Friday, April 20, 2007

Australia's Anzac Day Shame

The Forgotten Soldiers Of Our Forgotten War

Most Australians know little about this country's involvement in the Korean War in the 1950s, even though more than 6000 soldiers served there and hundreds died on the battlefields.

Considering some of the most acclaimed Australian soldiers of World War 1 and World War 2 volunteered to fight in Korea, for six long years, and 338 soldiers were killed there, it is an utter mystery as to why the war barely gets a mention in the mainstream media. The United States has a similar memory hole when it comes to Korea, and they lost thousands in the fighting.

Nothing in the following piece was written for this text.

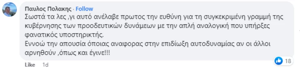 Ο Παύλος Πολάκης έσπευσε να σχολιάσει την ανάρτηση Μπίστη, με μια δόση ειρωνείας.  «Σωστά τα λες, γι’ αυτό ανέλαβε πρώτος την ευθύνη για τη συγκεκριμένη γραμμή της κυβέρνησης των προοδευτικών δυνάμεων με την απλή αναλογική που υπήρξες φανατικός υποστηρικτής. Εννοώ την απουσία όποιας αναφοράς στην επιδίωξη αυτοδυναμίας αν οι άλλοι αρνηθούν, όπως και έγινε!!!» ήταν το σχόλιο του Παύλου Πολάκη κάτω από την ανάρτηση του Νίκου Μπίστη.
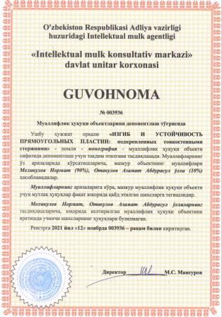 | 6156 | №003936 | Монография - "ИЗГИБ И УСТОЙЧИВОСТЬ ПРЯМОУГОЛЬНЫХ ПЛАСТИН: подкрепленных тонкостенными стержнями" | Меликулов Нормат (90%), Отакулов Азамат Абдурасул ўғли (10%) | Меликулов Нормат, Отакулов Азамат Абдурасул ўғли | 11/12/2021 | ![]() |

In Australia, politicians rarely, if ever, mention the Korean War; historians write dozens of books about Gallipoli and Australia diggers in Europe and the Middle East during World War 2, but they won't touch Korea; you don't see lengthy TV documentaries, or docudramas, on the extremely deadly battles fought against more than a million Chinese and North Korean soldiers, and as for Anzac Day - Australia's national day of digger remembrance - you'd be hard pressed to find the kind of double page spreads afforded WW2, Gallipoli and Vietnam veterans focusing on what Australia's did more than 50 years ago to hold back Communist forces at the height of the Cold War.

But perhaps most shamefully of all, there are sixteen Australian veterans who died in Korea who don't even get a mention on the war memorial in Canberra.

Why?

Bureaucratic bullshit, mostly. And a fear of giving too much attention to what lies hidden beneath the conspiracy of silence shrouding the truth about the Korean War.

Officially, the Korean War ended on July 27, 1953, with the signing of a "truce" between the US-led coalition and North Korea. But the fighting raged on until April, 1956. The last three years of the war are not officially recognised as "war-fighting", even though there were many deadly conflicts fought in that time.

Eighteen Australian servicemen were killed during the "non-war". Two of them have their names listed on the war memorial. The other sixteen? Australian military history doesn't recognise them.

From 'The Australian' :

With Anzac Day less than a week away, a group of Korea veterans has renewed efforts to get official recognition for those forgotten 16 servicemen.

Bob Morris, who served two tours of duty in Korea with the navy, yesterday called on the federal Government to end the discrimination against those killed in the second stage of the war and to recognise all his comrades.

"We started this five years ago and we have been through five defence ministers and all but given up trying to get a hearing from the Prime Minister," Mr Morris, 75, said as he planned Anzac Day celebrations with some other Korea veterans in Nowra, on the NSW south coast.

"When you get a minister who is only 40 years old and who is surrounded by bureaucrats who have no idea about what happened more than 50 years ago, it is bloody hard."

Mr Morris said Defence bureaucrats had argued against his committee because in 1998 it was decided that deaths in Korea would be ruled "warlike or non-warlike".

"These men were all ... war-caused deaths - one was squashed between a tank and a truck, an army captain died of heat stroke and one army private froze to death in his tent.

"Others were killed by mines or by guerilla action - but everything was hushed up by the UN because there was supposed to be a truce."

Mr Morris said that after successive failures to get any response from John Howard's office, he had approached the Prime Minister when he was visiting Nowra last year.

"I got face to face with him and said I wanted to speak to him about this matter - but I got short-sheeted pretty quickly and palmed off to his principal private secretary."

Disgusting. Isn't the Korean War popular enough with middle-class Australia to warrant the prime minister's attention? These unrecognised Australian soldiers fought and died in a war committed to by Howard's hero, prime minister Robert Menzies. Bob Morris hopes that a Liberal government, then, "would fix things up."

They might get a better run from the Rudd Opposition.

"ALP MP Robert McClelland moved a motion in the house (of Representatives) last year to get us recognition but it failed," Mr Morris said. "But since then Kevin Rudd has come on board and promised to address the matter if he wins the next election."

Morris is worried that time is ticking away, and although he manages to get a bit of attention for his cause each year when ANZAC Day comes around, the years are getting on, as are his fellow Korea veterans. They're not asking for much. Just recognition for the mates they lost in the war.
"If something isn't done soon, we'll all be gone and our grandchildren won't know what we went through."